By sharing and linking data and models, and allowing model simulations, the SEEK promotes the reuse of existing resources. Users can simulate models with the original data, or run new simulations with other data in SEEK. Users can also search and access external modelling repositories, such as BioModels, in order to further promote reuse.
On-going work with the SED-ML model simulation format [24] enables SEEK users to record these in silico simulation results alongside experimental values, or directly compare simulation data with experimental results. The JWS simulator in SEEK allows the export of any model simulation as a SED-ML archive. Through a collaboration with the University of Rostok, BiVeS (the BioModel Version Control System, https://sems.uni-rostock.de/bives/) has recently been integrated with SEEK. This supports the comparison of SBML models, to detect differences at the XML level, and provide a summary of the differences along with a graphical representation. To use this feature, users must have an account in SEEK. For a demonstration, guest users can log into a demo version of SEEK (https://demo.sysmo-db.org/models/33).
Modularisation
SEEK is developed using a modular approach, making it easy to add and remove given features and behaviours. There are configuration points for turning certain features on and off, supporting customisation when setting up a new installation of SEEK for certain purposes. These are defined in the document:
https://github.com/seek4science/seek/blob/master/lib/seek/config_setting_attributes.yml
An example of the configuration options used in the SysMO SEEK can be found here:
https://github.com/seek4science/seek/blob/master/config/initializers/seek_configuration.rb-openseek
Developers wanting to adapt SEEK can leverage the modular nature of SEEK to more easily integrate new features or modify existing features.
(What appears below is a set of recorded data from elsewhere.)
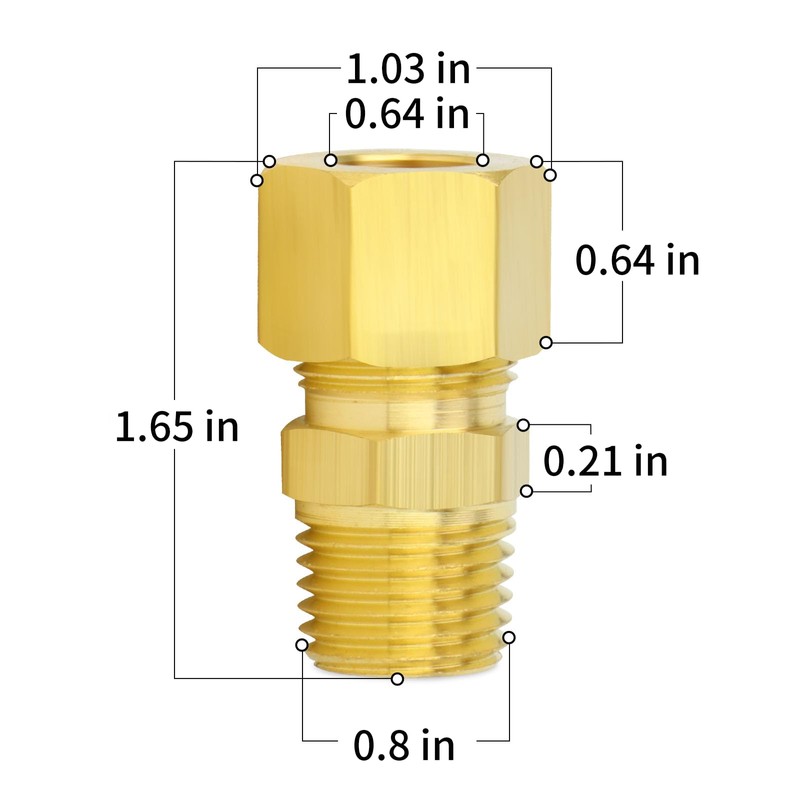 • SIZE - 5/8" Tube OD x 1/2" NPT Male Compression Tube Fitting. Note, NPT thread is the nominal pipe size and does not represent the actual diameter, please refer to the dimension drawing for specific diameter.
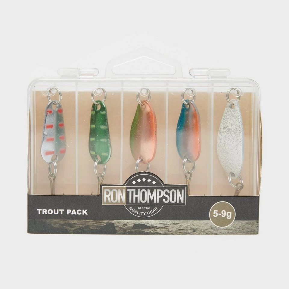 A box of five trout lures in tried and tested colours and ranging in weight from 5-9g.
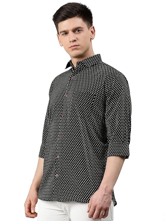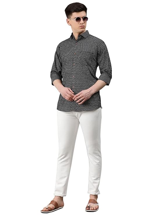 Upgrade your style statement with wide range of casual black shirts for MILLENNIAL MEN. Light fitted and breathable, weaved 100% cotton it is crafted with unique designs and ethnic block prints. This comfort fit shirts are suitable for formal and informal gatherings, it has classic collar contemporary fit, full sleeves. Team it up with your favorite denims or pants to complete for look. Comfort fit, 100% cotton, printed, Made in India, easy wash.

We leverage the Rails built in Plugin and Gem system. All the plugins and gems we use are listed in our gemfile: https://github.com/seek4science/seek/blob/master/Gemfile (not all created by and for SEEK).
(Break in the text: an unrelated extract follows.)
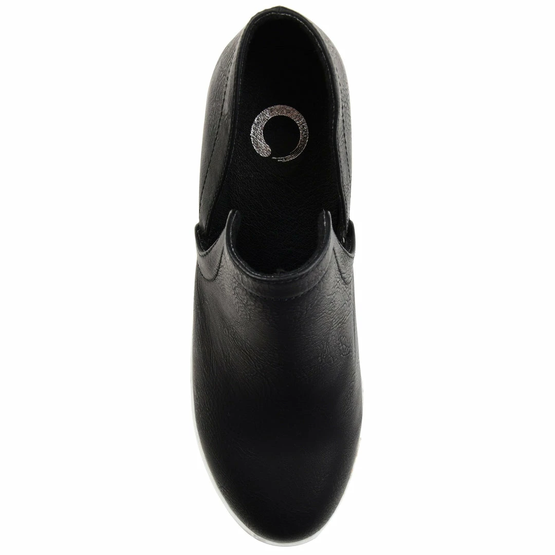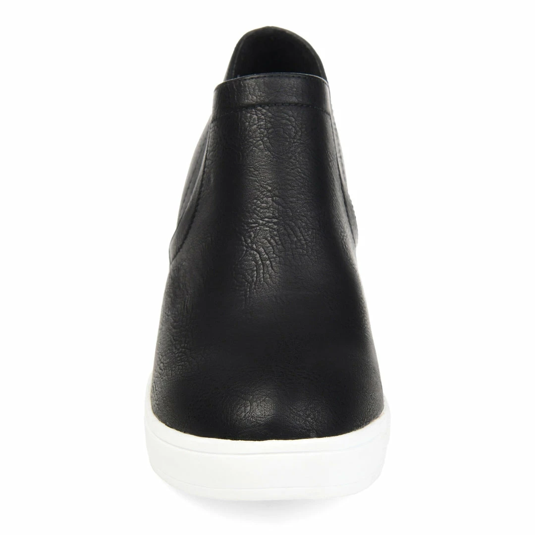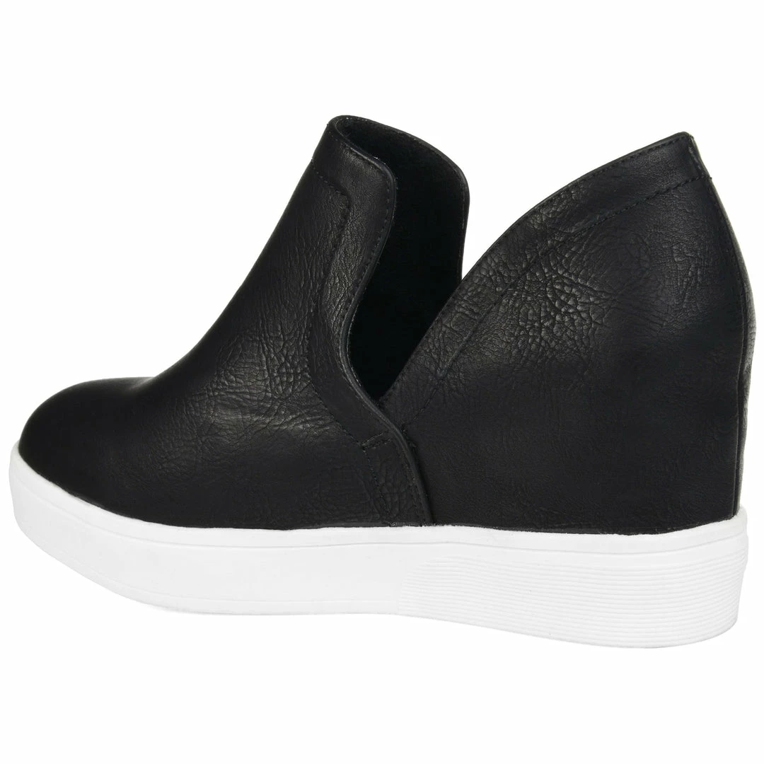 Add some fresh kicks to your wardrobe rotation with this easy slip-on vegan leather sneaker styled with a hidden wedge heel and deep-V notches at the sides.

SEEK is also being updated to use JQuery and the Bootstrap framework to make it easier to theme and customise the user interface following modern conventions.
Programmatic access
SEEK provides a RestFul API, which is currently read-only. Any resource in SEEK can also be represented as XML, by requesting it in this format instead of HTML through content-negotiation. This is also possible by putting a .xml at the end of the URL, for example https://demo.sysmo-db.org/investigations/2.xml. This XML is backed and validated against an XSD schema, available at https://github.com/seek4science/seek/blob/master/public/2010/xml/rest/schema-v1.xsd.
As well as XML, SEEK also provides an RDF representation, for example https://demo.sysmo-db.org/investigations/2.rdf.
Future plans include updating the Restful API to support JSON, and also to add write access for some key actions such as adding a data file, or defining an assay.